> Task item: Begin at the line containing "게발선인장을 키우기 시작하면서" in the records below, end at the line containing "磷灰石粉碎要分為三級或者四級", and retype each line in that span exactly. No other line and no image should appear.

> Records supplied:
########

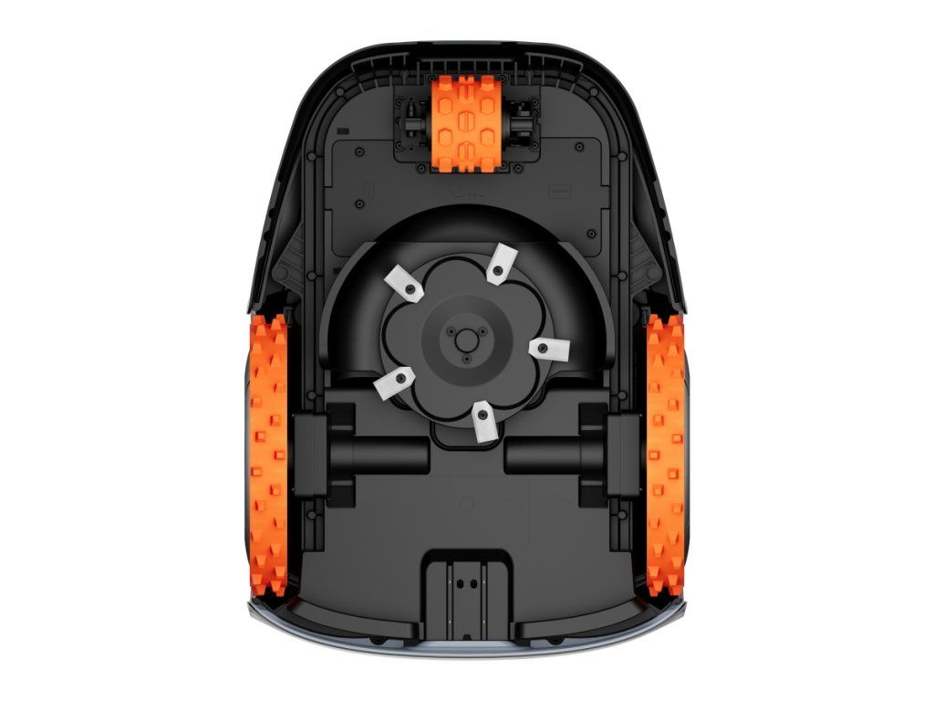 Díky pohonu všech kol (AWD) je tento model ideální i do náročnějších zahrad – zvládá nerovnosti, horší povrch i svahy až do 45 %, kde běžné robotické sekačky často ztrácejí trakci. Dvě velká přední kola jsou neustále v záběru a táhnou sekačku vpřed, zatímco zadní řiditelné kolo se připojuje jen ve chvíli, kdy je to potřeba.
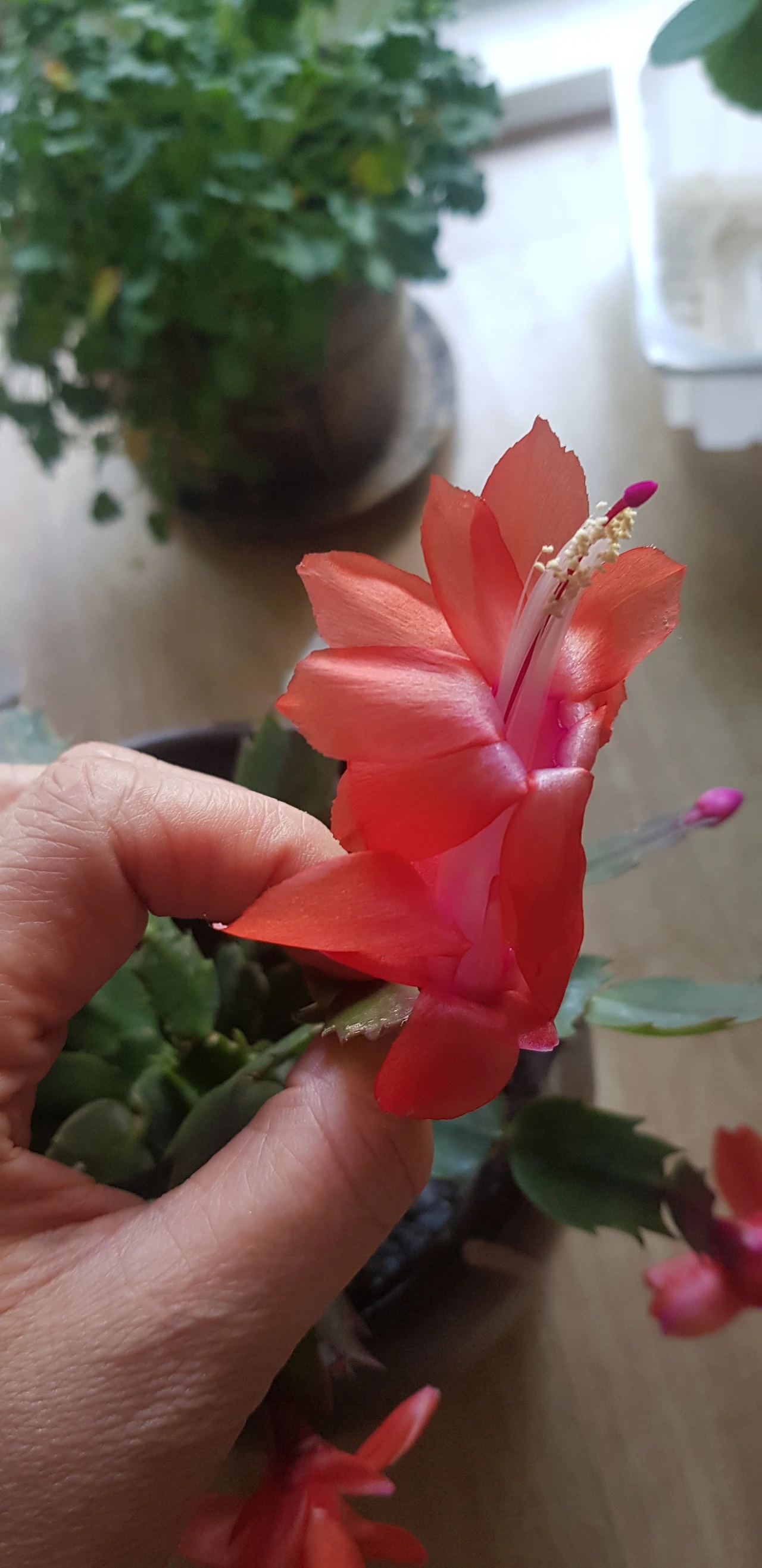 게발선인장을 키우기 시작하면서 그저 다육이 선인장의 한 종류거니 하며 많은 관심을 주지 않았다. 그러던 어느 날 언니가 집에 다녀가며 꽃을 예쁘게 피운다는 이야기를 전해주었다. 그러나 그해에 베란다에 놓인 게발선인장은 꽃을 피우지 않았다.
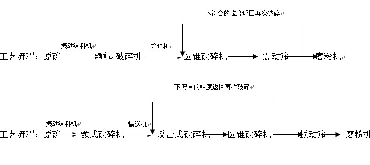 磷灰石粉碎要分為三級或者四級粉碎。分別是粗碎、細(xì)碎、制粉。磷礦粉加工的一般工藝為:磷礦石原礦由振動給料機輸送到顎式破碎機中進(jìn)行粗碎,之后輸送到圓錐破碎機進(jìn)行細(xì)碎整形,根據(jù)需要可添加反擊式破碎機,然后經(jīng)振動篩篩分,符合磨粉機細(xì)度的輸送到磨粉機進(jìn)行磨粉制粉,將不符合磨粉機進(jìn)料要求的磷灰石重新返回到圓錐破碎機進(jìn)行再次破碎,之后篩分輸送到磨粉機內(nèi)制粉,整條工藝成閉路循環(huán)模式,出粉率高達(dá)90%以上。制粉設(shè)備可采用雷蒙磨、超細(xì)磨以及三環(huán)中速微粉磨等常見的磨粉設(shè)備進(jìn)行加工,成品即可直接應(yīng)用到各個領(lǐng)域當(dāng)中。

########

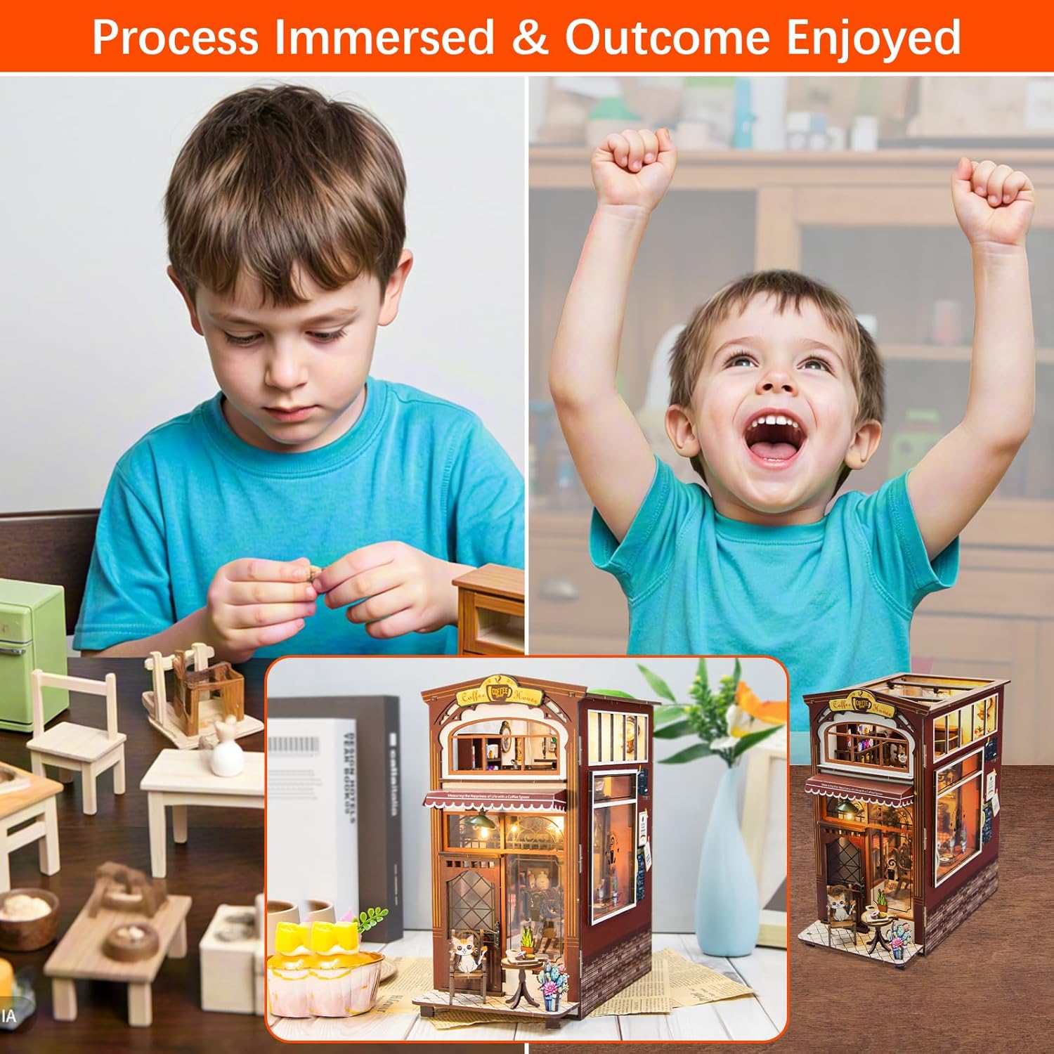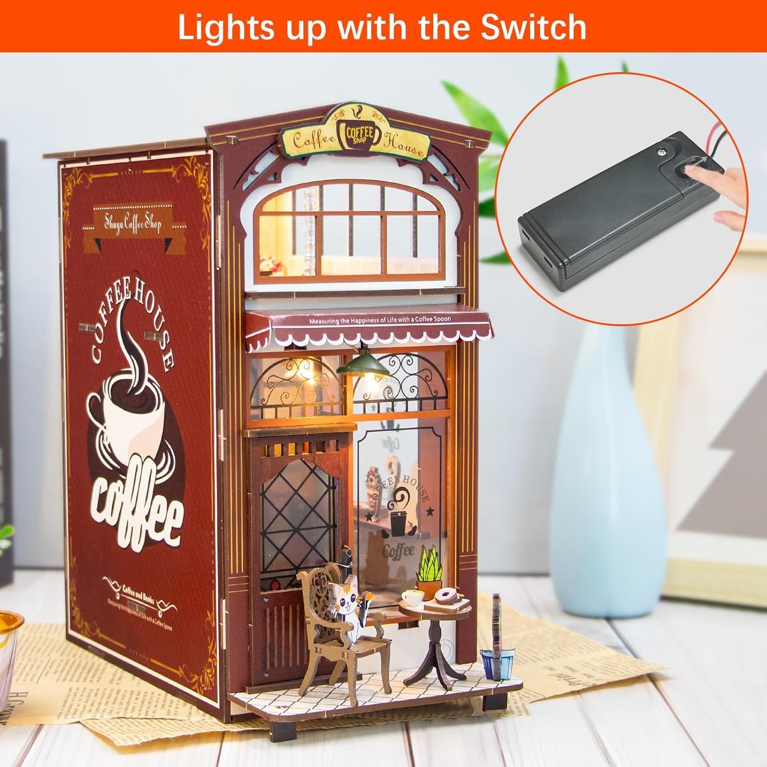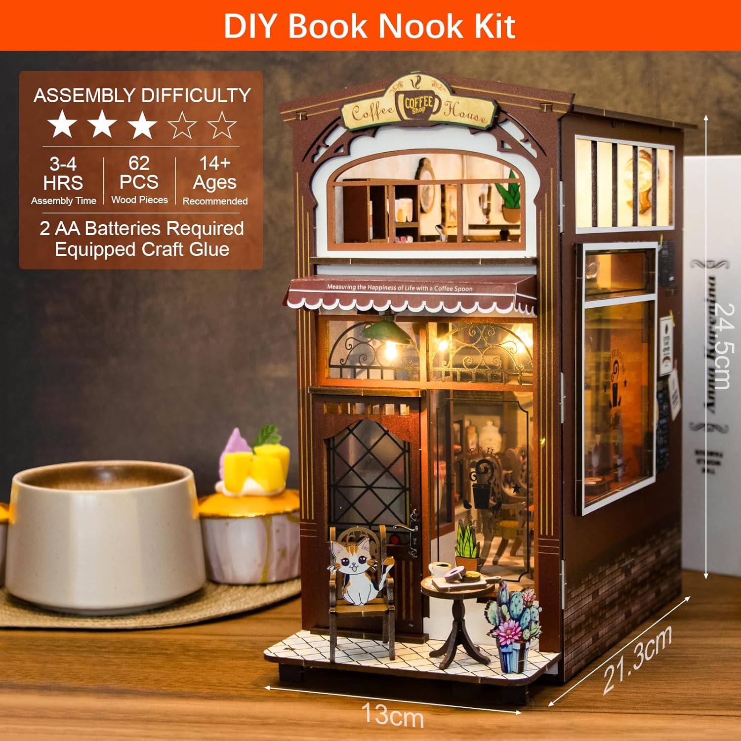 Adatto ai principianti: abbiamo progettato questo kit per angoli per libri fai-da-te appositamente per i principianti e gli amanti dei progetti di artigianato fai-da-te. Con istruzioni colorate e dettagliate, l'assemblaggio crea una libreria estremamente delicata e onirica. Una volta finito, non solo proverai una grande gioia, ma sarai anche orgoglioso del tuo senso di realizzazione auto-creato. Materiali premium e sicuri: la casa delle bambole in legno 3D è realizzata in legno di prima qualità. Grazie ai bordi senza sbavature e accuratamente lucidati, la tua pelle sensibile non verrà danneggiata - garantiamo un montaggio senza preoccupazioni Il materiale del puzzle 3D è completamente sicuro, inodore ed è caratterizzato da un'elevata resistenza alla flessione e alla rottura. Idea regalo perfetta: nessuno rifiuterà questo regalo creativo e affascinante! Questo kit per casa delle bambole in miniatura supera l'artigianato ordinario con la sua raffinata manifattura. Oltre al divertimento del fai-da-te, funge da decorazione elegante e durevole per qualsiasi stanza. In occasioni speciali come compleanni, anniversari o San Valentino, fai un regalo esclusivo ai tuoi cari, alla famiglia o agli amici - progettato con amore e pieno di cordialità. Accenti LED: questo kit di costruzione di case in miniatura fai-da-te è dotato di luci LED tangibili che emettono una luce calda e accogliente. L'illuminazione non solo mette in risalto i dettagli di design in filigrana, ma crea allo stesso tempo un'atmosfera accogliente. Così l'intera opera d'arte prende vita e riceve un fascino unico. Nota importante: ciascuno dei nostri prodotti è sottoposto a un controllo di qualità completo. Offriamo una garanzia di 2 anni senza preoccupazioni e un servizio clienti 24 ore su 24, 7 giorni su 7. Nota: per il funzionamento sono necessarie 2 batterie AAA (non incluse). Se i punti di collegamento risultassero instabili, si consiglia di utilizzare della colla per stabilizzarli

########

> Expected answer:
 게발선인장을 키우기 시작하면서 그저 다육이 선인장의 한 종류거니 하며 많은 관심을 주지 않았다. 그러던 어느 날 언니가 집에 다녀가며 꽃을 예쁘게 피운다는 이야기를 전해주었다. 그러나 그해에 베란다에 놓인 게발선인장은 꽃을 피우지 않았다.
 磷灰石粉碎要分為三級或者四級粉碎。分別是粗碎、細(xì)碎、制粉。磷礦粉加工的一般工藝為:磷礦石原礦由振動給料機輸送到顎式破碎機中進(jìn)行粗碎,之后輸送到圓錐破碎機進(jìn)行細(xì)碎整形,根據(jù)需要可添加反擊式破碎機,然后經(jīng)振動篩篩分,符合磨粉機細(xì)度的輸送到磨粉機進(jìn)行磨粉制粉,將不符合磨粉機進(jìn)料要求的磷灰石重新返回到圓錐破碎機進(jìn)行再次破碎,之后篩分輸送到磨粉機內(nèi)制粉,整條工藝成閉路循環(huán)模式,出粉率高達(dá)90%以上。制粉設(shè)備可采用雷蒙磨、超細(xì)磨以及三環(huán)中速微粉磨等常見的磨粉設(shè)備進(jìn)行加工,成品即可直接應(yīng)用到各個領(lǐng)域當(dāng)中。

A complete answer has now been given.